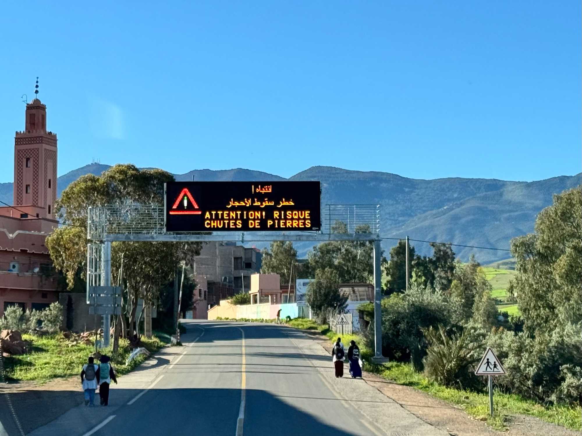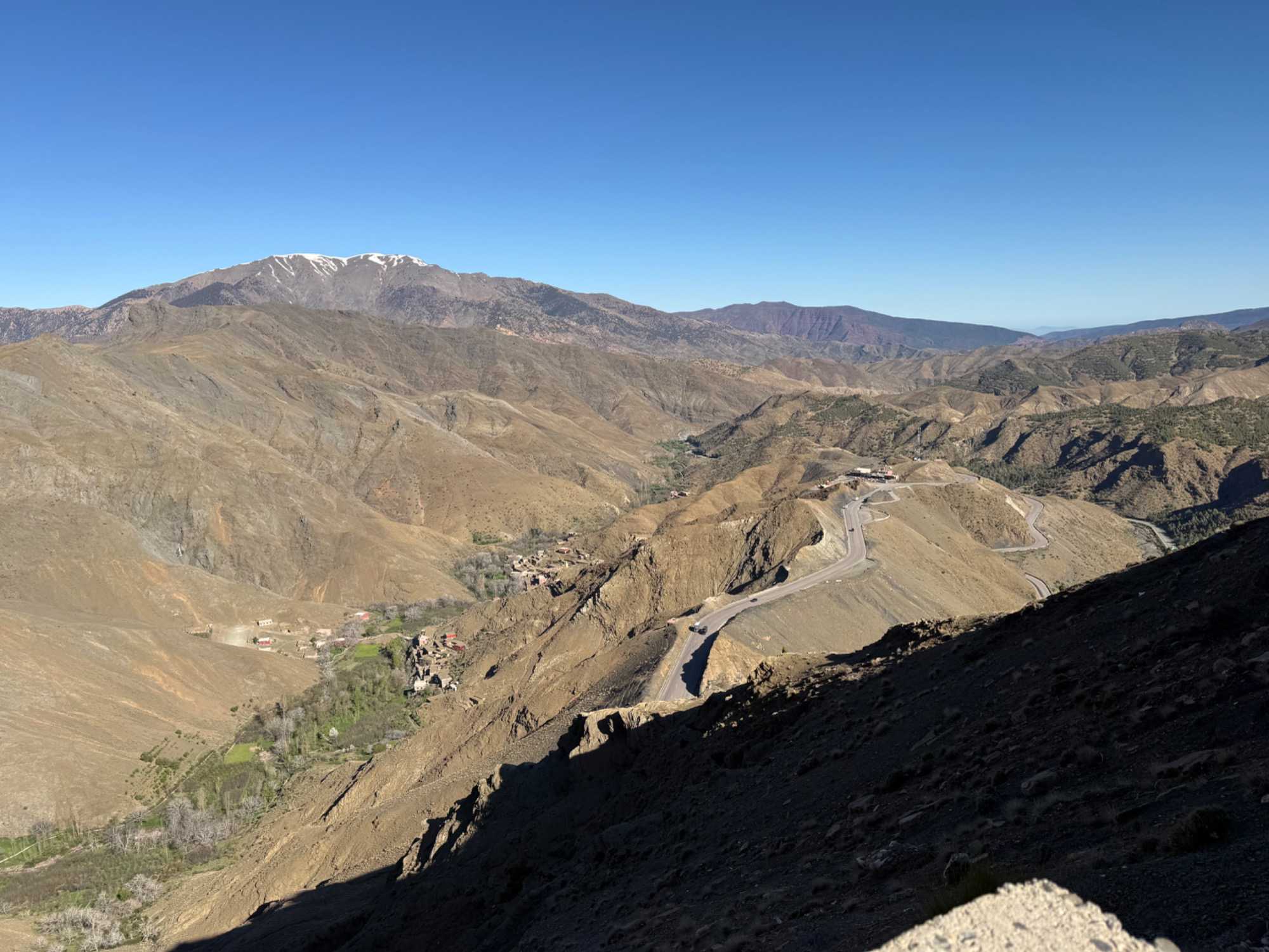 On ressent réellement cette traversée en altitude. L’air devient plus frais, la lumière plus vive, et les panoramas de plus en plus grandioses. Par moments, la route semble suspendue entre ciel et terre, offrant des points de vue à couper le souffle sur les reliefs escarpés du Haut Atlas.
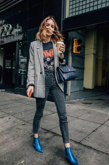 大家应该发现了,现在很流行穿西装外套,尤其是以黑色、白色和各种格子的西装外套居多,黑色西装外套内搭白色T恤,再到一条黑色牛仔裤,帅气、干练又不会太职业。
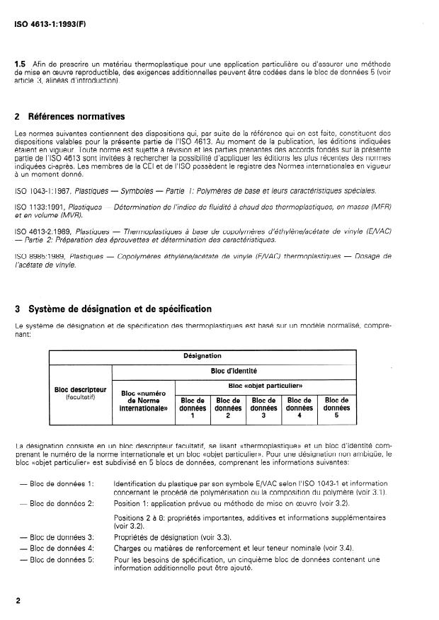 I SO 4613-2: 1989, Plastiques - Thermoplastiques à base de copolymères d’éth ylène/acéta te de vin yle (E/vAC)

- - -

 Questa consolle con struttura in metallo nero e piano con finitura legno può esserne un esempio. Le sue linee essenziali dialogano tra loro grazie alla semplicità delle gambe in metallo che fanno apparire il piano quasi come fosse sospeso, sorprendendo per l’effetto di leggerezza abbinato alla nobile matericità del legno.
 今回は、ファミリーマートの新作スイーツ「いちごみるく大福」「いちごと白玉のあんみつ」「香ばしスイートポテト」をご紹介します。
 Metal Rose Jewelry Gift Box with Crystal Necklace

- - -

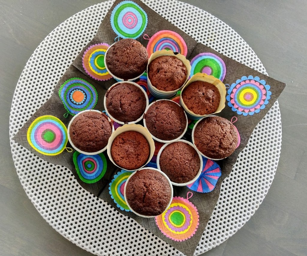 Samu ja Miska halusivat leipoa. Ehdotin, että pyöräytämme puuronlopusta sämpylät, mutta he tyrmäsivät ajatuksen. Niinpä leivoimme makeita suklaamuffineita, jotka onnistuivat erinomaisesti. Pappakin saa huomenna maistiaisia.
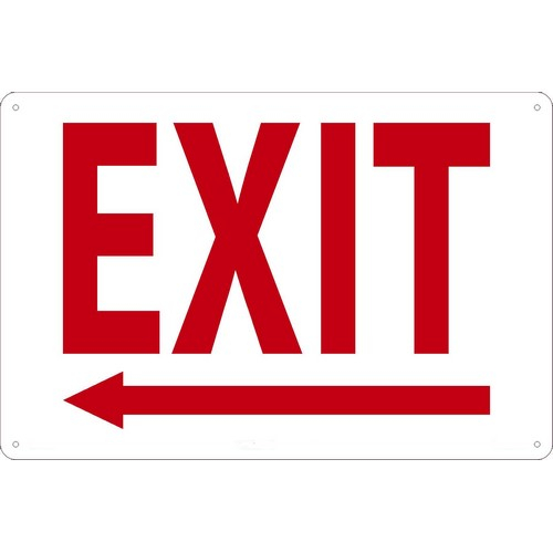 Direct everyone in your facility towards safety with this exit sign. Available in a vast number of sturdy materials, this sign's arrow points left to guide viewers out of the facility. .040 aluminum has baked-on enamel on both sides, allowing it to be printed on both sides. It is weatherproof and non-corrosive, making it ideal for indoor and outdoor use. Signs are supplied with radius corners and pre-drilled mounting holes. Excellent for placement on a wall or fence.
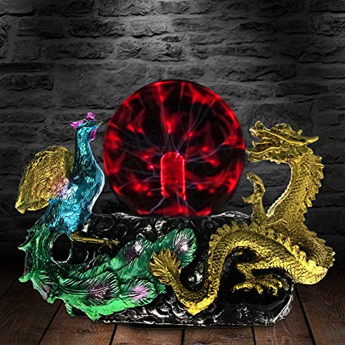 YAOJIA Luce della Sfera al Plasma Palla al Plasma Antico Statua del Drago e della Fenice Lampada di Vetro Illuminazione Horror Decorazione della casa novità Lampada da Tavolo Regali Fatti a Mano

- - -

What to work on >> Treat the line with "Direct everyone in" as the start and the line with "YAOJIA Luce della" as the end, and return exactly that span of the data above, both ends included, without pictures.

Response below >>
 Direct everyone in your facility towards safety with this exit sign. Available in a vast number of sturdy materials, this sign's arrow points left to guide viewers out of the facility. .040 aluminum has baked-on enamel on both sides, allowing it to be printed on both sides. It is weatherproof and non-corrosive, making it ideal for indoor and outdoor use. Signs are supplied with radius corners and pre-drilled mounting holes. Excellent for placement on a wall or fence.
 YAOJIA Luce della Sfera al Plasma Palla al Plasma Antico Statua del Drago e della Fenice Lampada di Vetro Illuminazione Horror Decorazione della casa novità Lampada da Tavolo Regali Fatti a Mano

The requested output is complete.